→ **Exercise**
Copy out, from the data, each line containing the string "Safe".

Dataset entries
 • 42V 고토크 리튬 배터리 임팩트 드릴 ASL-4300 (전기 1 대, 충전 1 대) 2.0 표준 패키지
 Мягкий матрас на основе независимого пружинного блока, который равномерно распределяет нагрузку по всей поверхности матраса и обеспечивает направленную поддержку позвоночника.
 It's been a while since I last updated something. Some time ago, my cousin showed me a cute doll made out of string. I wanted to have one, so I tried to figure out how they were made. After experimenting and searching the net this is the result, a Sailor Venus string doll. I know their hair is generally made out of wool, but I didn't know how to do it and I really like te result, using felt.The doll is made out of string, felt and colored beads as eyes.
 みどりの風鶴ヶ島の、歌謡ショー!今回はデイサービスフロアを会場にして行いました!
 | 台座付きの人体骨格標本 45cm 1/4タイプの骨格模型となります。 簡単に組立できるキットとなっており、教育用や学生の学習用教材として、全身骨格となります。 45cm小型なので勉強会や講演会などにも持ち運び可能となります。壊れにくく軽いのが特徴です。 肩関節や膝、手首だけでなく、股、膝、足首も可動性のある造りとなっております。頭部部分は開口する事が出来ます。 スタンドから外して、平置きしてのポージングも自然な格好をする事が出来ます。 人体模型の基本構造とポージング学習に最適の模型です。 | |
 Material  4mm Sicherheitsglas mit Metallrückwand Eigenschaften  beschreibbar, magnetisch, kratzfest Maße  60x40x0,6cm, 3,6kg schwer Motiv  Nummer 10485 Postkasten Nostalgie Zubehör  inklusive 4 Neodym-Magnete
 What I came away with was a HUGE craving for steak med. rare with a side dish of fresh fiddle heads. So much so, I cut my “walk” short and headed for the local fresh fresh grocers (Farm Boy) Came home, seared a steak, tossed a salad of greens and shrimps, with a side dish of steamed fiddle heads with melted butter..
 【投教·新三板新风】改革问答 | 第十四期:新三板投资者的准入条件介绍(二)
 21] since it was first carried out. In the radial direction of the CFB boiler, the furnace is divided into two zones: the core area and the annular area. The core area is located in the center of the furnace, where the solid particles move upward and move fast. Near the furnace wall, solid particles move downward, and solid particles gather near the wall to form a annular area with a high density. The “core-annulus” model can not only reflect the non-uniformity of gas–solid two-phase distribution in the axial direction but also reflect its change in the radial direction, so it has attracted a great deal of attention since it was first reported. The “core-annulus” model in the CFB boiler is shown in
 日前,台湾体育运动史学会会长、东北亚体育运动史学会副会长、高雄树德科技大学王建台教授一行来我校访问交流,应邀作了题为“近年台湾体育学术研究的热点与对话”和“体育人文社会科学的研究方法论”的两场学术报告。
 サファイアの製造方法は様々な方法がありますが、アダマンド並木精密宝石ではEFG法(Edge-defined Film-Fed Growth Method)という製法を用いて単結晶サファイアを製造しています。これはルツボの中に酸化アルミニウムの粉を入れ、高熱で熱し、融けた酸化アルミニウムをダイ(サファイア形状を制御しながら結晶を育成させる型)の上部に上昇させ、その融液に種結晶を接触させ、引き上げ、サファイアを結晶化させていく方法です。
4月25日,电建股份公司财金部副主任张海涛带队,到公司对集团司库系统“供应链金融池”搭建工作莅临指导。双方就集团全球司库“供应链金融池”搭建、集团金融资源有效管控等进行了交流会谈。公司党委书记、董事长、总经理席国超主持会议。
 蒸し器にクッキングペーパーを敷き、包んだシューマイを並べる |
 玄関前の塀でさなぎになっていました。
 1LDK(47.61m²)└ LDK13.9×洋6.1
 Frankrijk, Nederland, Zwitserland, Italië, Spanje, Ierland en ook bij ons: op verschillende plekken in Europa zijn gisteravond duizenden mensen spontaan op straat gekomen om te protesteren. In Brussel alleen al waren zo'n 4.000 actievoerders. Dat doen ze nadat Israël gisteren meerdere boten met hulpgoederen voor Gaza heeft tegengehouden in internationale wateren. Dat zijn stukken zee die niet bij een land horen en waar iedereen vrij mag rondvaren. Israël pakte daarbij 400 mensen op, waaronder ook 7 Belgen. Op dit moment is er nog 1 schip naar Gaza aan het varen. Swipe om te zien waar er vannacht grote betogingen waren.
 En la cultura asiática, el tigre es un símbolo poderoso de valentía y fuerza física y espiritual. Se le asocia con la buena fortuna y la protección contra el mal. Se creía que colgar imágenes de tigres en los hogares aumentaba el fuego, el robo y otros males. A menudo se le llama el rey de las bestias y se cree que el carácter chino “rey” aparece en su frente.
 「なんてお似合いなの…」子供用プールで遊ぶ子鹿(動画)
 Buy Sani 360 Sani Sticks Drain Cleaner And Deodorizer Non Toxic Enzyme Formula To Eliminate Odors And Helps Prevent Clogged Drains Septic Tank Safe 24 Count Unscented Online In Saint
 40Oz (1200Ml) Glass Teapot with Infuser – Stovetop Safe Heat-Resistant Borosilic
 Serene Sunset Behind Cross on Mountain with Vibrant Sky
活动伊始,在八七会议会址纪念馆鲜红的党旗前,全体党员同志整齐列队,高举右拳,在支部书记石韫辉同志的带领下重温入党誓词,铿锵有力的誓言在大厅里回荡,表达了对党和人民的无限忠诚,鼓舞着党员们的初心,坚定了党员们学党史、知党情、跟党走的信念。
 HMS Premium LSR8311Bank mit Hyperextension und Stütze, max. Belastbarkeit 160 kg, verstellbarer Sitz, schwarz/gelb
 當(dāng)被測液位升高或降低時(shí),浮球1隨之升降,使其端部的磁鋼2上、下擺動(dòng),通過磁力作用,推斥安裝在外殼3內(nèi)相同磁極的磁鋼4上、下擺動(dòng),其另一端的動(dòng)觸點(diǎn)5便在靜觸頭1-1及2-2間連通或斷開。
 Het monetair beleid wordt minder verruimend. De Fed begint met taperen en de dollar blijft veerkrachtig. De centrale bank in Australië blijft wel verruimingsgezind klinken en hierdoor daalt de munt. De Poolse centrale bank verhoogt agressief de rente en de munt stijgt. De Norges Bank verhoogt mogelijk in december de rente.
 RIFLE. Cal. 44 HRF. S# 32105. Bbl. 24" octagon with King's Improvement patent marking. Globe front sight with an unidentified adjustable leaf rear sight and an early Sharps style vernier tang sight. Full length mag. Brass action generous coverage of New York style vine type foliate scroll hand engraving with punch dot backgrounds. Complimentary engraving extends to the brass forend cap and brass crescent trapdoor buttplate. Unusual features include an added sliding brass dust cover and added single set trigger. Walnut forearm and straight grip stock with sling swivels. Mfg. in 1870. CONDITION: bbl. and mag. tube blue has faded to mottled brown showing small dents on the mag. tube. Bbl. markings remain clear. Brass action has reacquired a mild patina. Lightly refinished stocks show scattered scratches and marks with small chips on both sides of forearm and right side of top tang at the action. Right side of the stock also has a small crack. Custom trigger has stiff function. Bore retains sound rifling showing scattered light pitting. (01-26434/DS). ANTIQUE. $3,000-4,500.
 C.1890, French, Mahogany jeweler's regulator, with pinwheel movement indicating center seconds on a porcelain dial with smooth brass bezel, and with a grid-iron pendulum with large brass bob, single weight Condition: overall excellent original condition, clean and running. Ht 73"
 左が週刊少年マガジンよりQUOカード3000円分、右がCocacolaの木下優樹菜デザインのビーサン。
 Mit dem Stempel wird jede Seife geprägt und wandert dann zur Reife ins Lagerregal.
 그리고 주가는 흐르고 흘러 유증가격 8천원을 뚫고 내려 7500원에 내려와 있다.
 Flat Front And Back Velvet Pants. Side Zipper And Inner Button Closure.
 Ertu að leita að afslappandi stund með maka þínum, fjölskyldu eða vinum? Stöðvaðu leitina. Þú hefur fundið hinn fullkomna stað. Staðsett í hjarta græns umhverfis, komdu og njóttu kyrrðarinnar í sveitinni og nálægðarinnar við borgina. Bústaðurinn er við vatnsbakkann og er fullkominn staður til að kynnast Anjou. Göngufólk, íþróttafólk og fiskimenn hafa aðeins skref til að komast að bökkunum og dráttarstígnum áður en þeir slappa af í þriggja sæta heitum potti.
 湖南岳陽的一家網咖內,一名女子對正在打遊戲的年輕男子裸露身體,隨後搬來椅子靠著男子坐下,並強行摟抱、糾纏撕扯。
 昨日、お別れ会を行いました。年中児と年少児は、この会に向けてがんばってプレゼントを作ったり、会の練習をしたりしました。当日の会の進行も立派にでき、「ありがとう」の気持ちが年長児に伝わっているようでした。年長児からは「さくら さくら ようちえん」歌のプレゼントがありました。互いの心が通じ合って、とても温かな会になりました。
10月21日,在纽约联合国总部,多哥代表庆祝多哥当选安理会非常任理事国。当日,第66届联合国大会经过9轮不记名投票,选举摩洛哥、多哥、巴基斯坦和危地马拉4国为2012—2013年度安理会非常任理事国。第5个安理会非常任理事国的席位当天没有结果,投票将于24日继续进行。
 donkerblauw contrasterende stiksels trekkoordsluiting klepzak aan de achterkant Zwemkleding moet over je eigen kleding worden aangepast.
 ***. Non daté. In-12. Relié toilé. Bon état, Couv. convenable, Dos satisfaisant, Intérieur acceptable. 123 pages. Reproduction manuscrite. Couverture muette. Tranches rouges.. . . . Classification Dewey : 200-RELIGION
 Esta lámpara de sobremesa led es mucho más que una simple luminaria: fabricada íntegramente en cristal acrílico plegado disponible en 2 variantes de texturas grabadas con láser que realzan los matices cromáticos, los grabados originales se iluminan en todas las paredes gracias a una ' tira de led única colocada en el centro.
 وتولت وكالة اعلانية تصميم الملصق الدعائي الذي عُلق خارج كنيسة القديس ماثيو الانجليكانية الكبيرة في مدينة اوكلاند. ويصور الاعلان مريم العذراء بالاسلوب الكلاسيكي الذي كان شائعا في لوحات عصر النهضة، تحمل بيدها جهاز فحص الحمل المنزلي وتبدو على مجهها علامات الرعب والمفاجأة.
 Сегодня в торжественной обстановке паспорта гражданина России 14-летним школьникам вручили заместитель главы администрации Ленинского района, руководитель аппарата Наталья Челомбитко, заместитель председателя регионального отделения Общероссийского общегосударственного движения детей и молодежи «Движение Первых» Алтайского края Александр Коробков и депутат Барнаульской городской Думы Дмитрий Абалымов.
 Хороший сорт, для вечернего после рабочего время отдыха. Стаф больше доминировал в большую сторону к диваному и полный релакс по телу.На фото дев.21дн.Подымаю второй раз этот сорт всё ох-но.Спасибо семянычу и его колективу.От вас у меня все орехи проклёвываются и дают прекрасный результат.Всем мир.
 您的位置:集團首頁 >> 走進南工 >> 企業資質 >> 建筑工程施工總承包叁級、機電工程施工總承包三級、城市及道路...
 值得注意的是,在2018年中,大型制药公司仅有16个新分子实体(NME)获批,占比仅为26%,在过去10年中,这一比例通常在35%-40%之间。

→ **Written answer**
 Buy Sani 360 Sani Sticks Drain Cleaner And Deodorizer Non Toxic Enzyme Formula To Eliminate Odors And Helps Prevent Clogged Drains Septic Tank Safe 24 Count Unscented Online In Saint
 40Oz (1200Ml) Glass Teapot with Infuser – Stovetop Safe Heat-Resistant Borosilic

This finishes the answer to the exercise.